SIMD Within a Register (SWAR) on Strings in Go 1.20

Created:

To introduce SWAR (SIMD within-a-register) techniques in go, we’ll implement the simplest thing I can think of: checking if a string is ASCII. SWAR is the technique of operating over multiple datapoints within one register of the cpu. In our case one 64-bit variable will contain 8 bytes of our string so we can process 8 bytes at a time. We’ll do this in go without any C functions or assembly.

The Baseline

To determine if a non-ascii code point is present in a utf-8 string, the high-bit of the first byte of the code-point will be set. If we perform a bitwise AND with 0x80 the result will be non-zero if the high bit is set. If we find a non-ascii character, return False. The first version of IsAscii checks the string one byte at a time:

func IsAsciiSlow(s string) bool {
	for i := 0; i < len(s); i++ {
		if 0x80&s[i] > 0 {
			return false
		}
	}
	return true
}

Go 1.20

Go 1.20 adds 3 New functions in the unsafe package: SliceData, String, and StringData. The unsafe.Add function was added in go 1.17 We’ll use the StringData and Add functions from the unsafe package for our SWAR code.

SWAR

On to the SWAR version of IsAscii. First get the bytes of the string using the following code: bytes := unsafe.StringData(s) . This gets a pointer to the bytes of the string. Then we cast the pointer to *uint64 to get the next 8 bytes of the string as an uint64. To proceed along the string, we do pointer addition by adding an offset to the pointer and then cast it to a pointer to a uint64. Then the * will get the actual uint64 value at that position.

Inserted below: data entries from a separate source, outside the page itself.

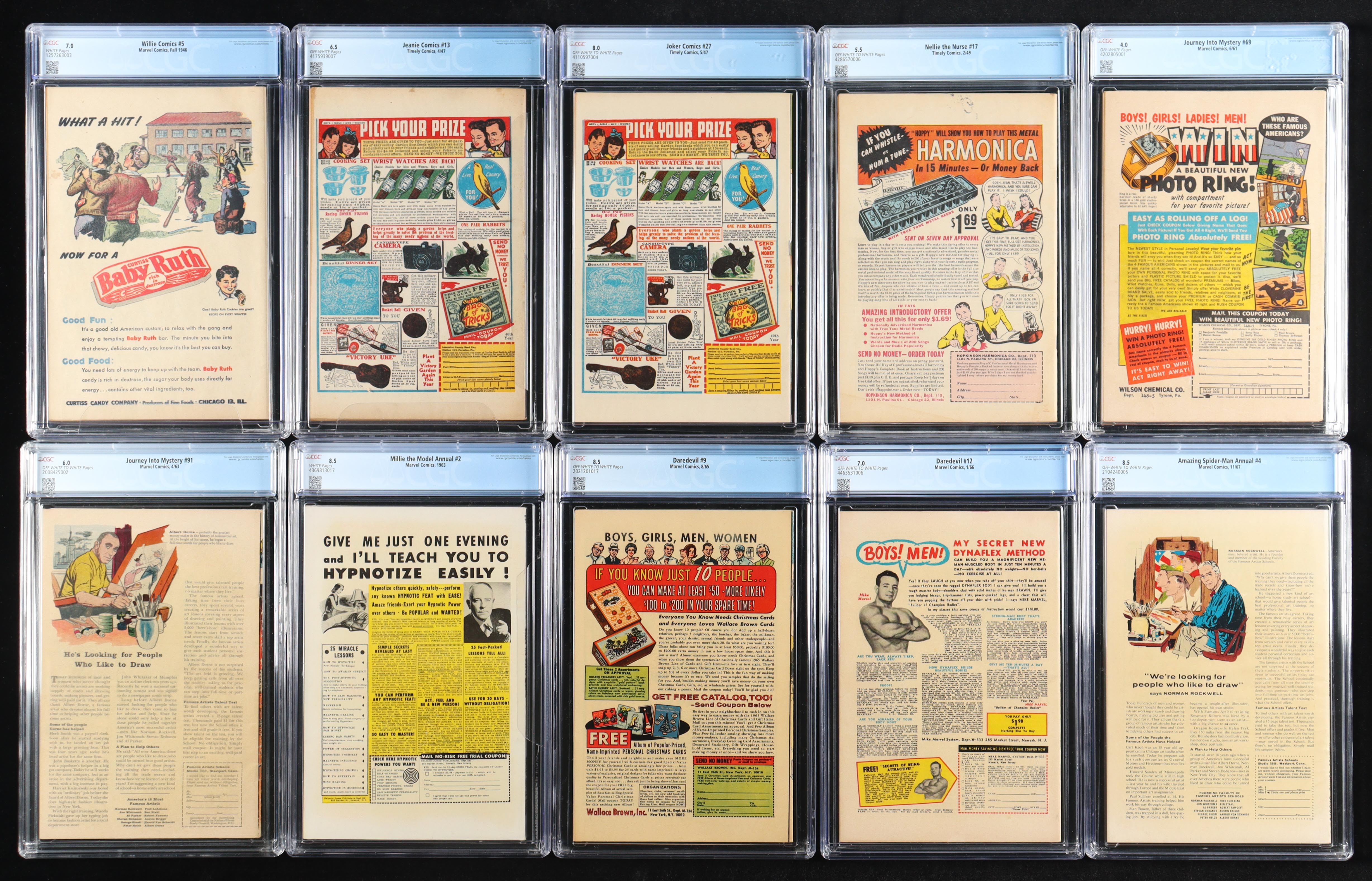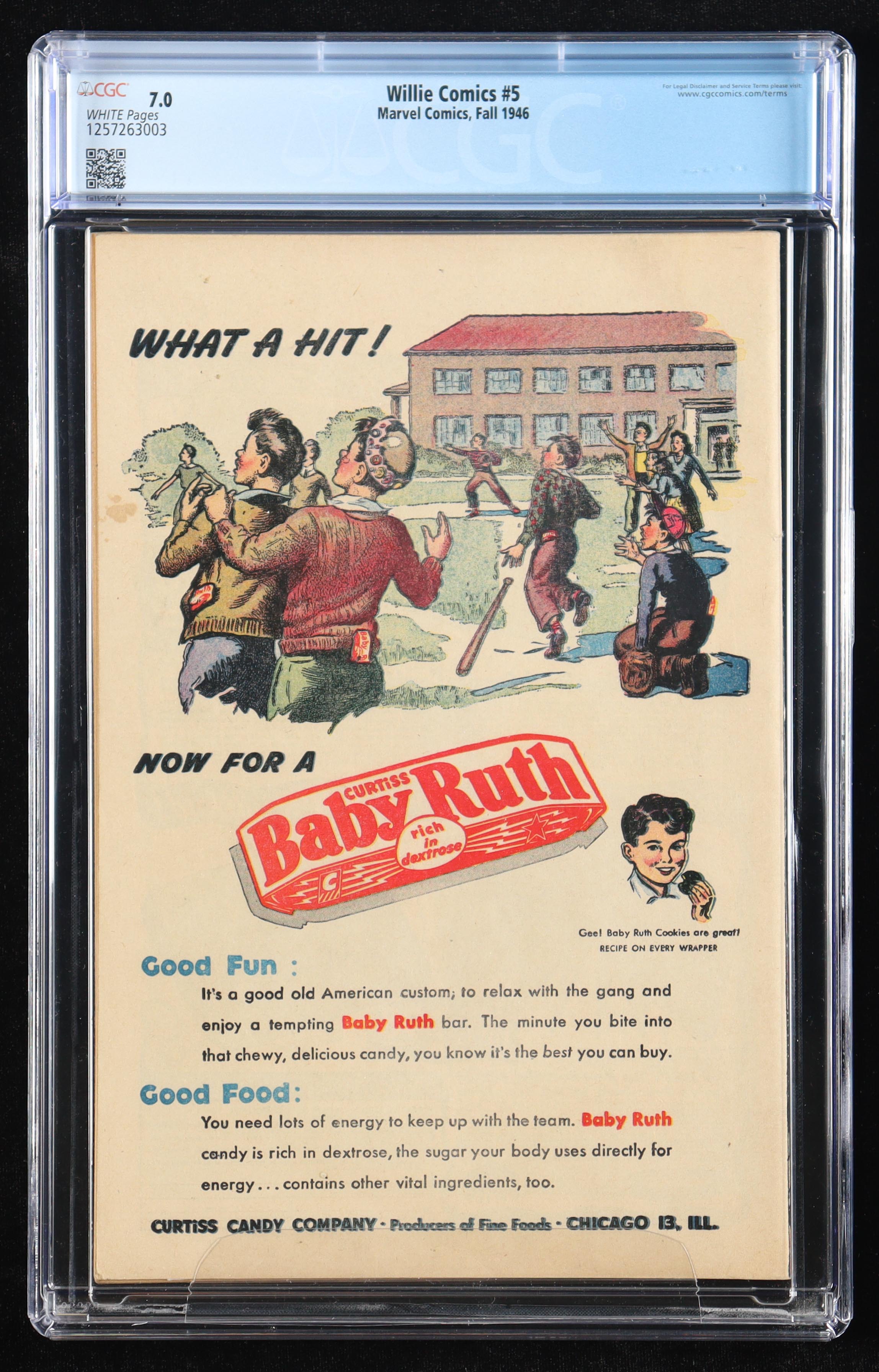 The first Marvel logo, "A Marvel Magazine, was featured on Willie Comics #5 (Fall 1946). The comic available in this set is the fourth highest grade at a CGC 7.0. The three higher grades of this comic have been confirmed as not for sale.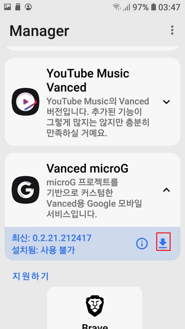 microG의 다운로드 버튼을 눌러서 설치한다.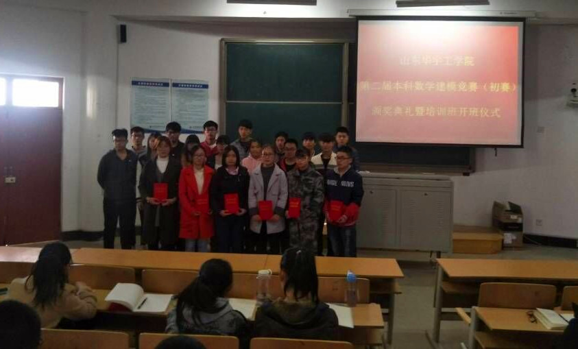 2017年3月8日下午,leyu乐鱼在线官网第二届本科数学建模竞赛(初赛)颁奖典礼暨数学建模培训班开班仪式在10号楼F301隆重举行。基础教学部数学教研室相关老师及通过初赛的65名学生参加了此次活动。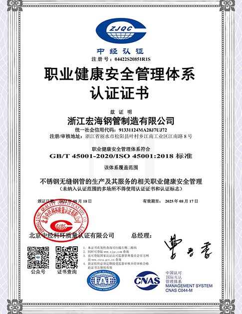 浙江宏海鋼管制造有限公司(前身為溫州市皓立不銹鋼有限公司)成立于2016年11月,公司注冊資金5180萬元,是一家集生產、銷售與一體的不銹鋼無縫鋼管及制品的民營企業。公司位于風景秀麗的甌江上游,有“江南桃源秘境”之稱的麗水市松陽縣江南工業區;交通便利,離松陽高速出口僅4公里,離衢寧鐵路松陽站僅2公里;占地面積30余畝,總投資9000多萬元。

// return 8 bytes at offset as an uint64
func GetBytesUint64(bytes *byte, offset int) uint64 {
	// add offset to the pointer and convert bytes to an int64
	data := *(*uint64)(unsafe.Add(unsafe.Pointer(bytes), offset))
	return data
}

In IsAsciiSlow above we checked each byte by ANDing it with 0x80. To use SWAR technique, we can do the AND operation on all 8 bytes of a uint64 in one operation, by ANDing it with 0x8080808080808080. Here’s the SWAR IsAscii function:

const ascii_mask = 0x8080808080808080

func IsAsciiSWAR(s string) bool {
	length := len(s)
	i := 0
	if length >= 8 {
		bytes := unsafe.StringData(s)
		for ; i < length-7; i += 8 {
			if (ascii_mask & GetBytesUint64(bytes, i)) > 0 {
				return false
			}
		}
	}

	// check the last characters of the string
	for ; i < length; i++ {
		if 0x80&s[i] > 0 {
			return false
		}
	}
	return true
}

Bounds Checking

Note that if you run the following code:

str := "foo"
myUint64 := swar.GetBytesUint64(unsafe.StringData(str), 100)

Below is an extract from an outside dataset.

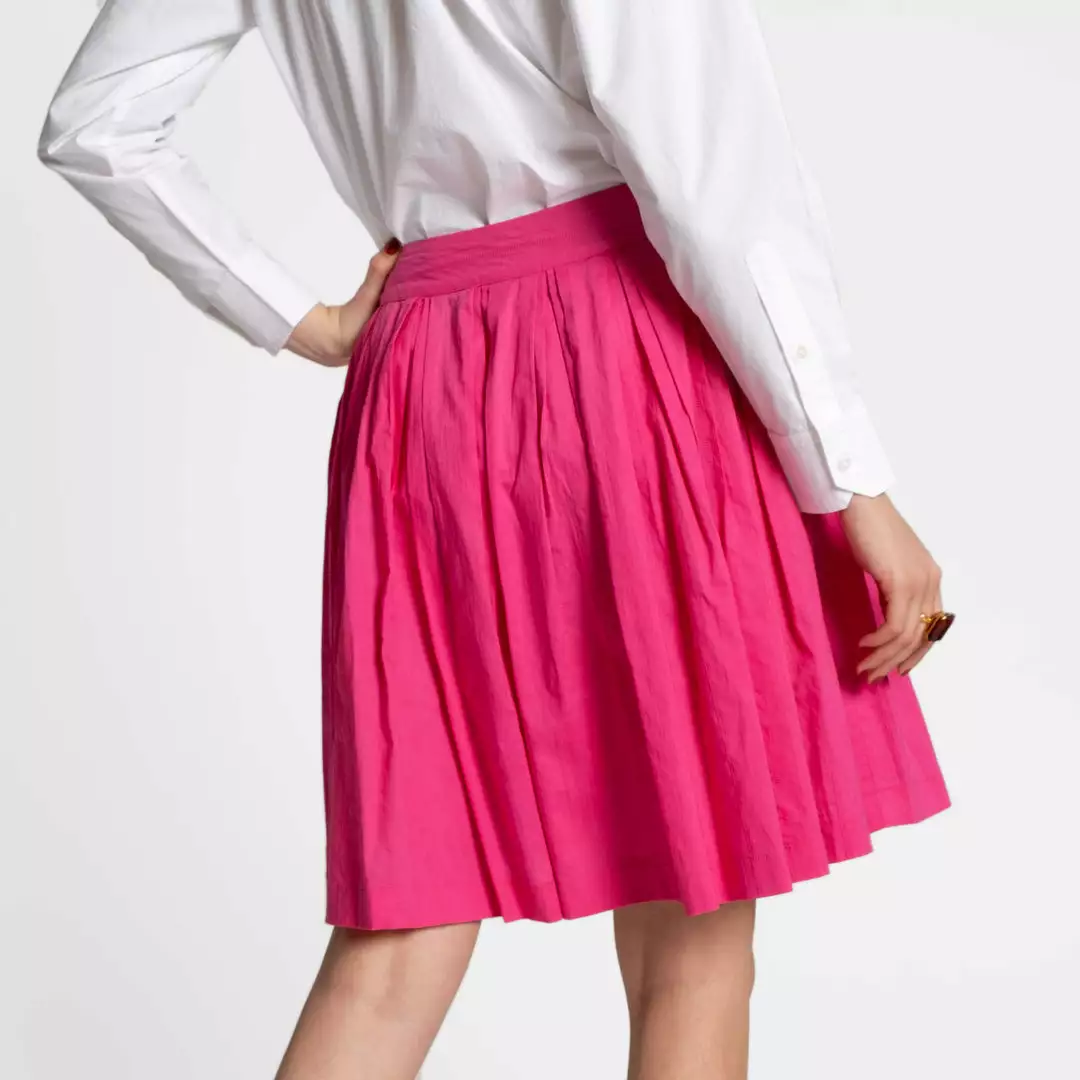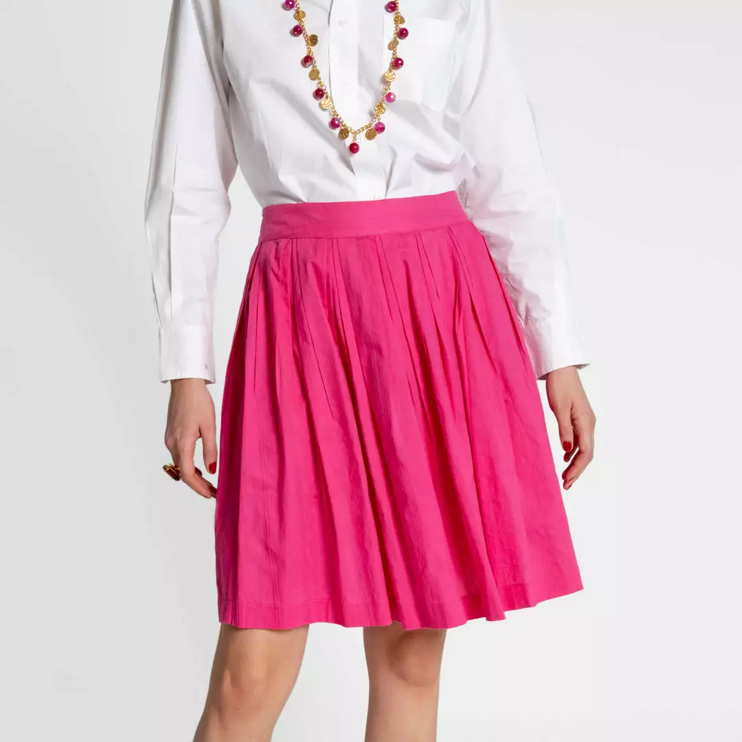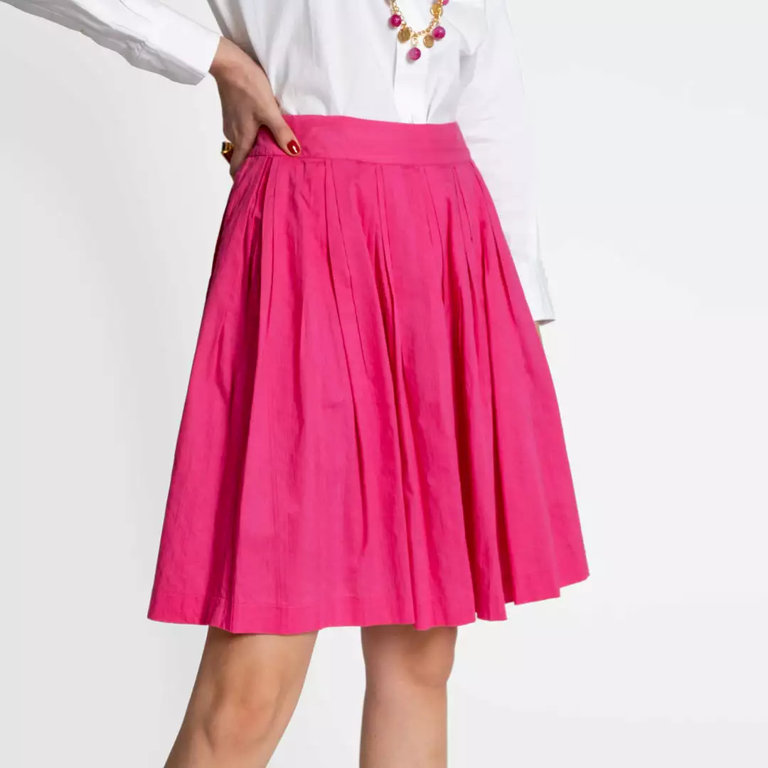 Our new Claire Skirt in cotton is the perfect solid base for any outfit. This “just over the knee” pleated skirt in is the one you will throw on all summer long, paired perfectly with a sweater or a tee.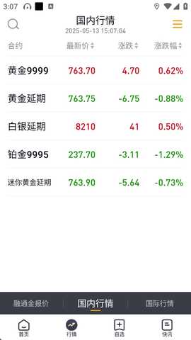 3、在行情板块,用户可以了解到最新价,涨跌情况,国际国内行情。

Your program probably won’t return any error. Go doesn’t do any bounds checking of the bytes pointed to by the return value of unsafe.StringData(). By doing these unsafe calls you are making yourself vulnerable to buffer overflow bugs, a major cause of security problems in software. I think the use of unsafe.Add makes your code more risky than other parts of the unsafe package, because it performs pointer arithmetic which is more error prone. Code that just uses the unsafe package to convert from a slice to a different slice type is not as bad as long as you get the slice length right during construction of the new slice.

Loop Unrolling

Another technique used to speed up inner loops of performance-sensitive code is to unroll the loop. Multiple items are processed in one loop. Here’s an example of the loop unrolled 4 times:

func IsAsciiUnroll(s string) bool {
	length := len(s)
	i := 0
	if length >= 4 {
		for ; i < length-3; i += 4 {
			if (0x80 & s[i] & s[i+1] & s[i+2] & s[i+3]) > 0 {
				return false
			}
		}
	}
	for ; i < length; i++ {
		if 0x80&s[i] > 0 {
			return false
		}
	}
	return true
}

Benchmarking

Here’s some benchmark results of the 3 functions. The short string tested is 7 bytes long: “fffffff”. The long string tested is 4099 bytes long.

go_swar>go test -bench=.
goos: windows
goarch: amd64
pkg: swar
cpu: Intel(R) Core(TM) i5-8350U CPU @ 1.70GHz
BenchmarkIsasciiSlow/short_ASCII-8              202330407                6.013 ns/op
BenchmarkIsasciiSlow/long_non-ASCII-8             587756              2346 ns/op
BenchmarkIsAsciiSWAR/short_ASCII-8              193101264                6.235 ns/op
BenchmarkIsAsciiSWAR/long_non-ASCII-8            3937690               298.3 ns/op
BenchmarkIsasciiUnroll/short_ASCII-8            183495440                6.520 ns/op
BenchmarkIsasciiUnroll/long_non-ASCII-8          1000000              1253 ns/op

(Note that the cpu ‘turboed’ to about 3.58Ghz during the benchmark according to Windows Task Manager)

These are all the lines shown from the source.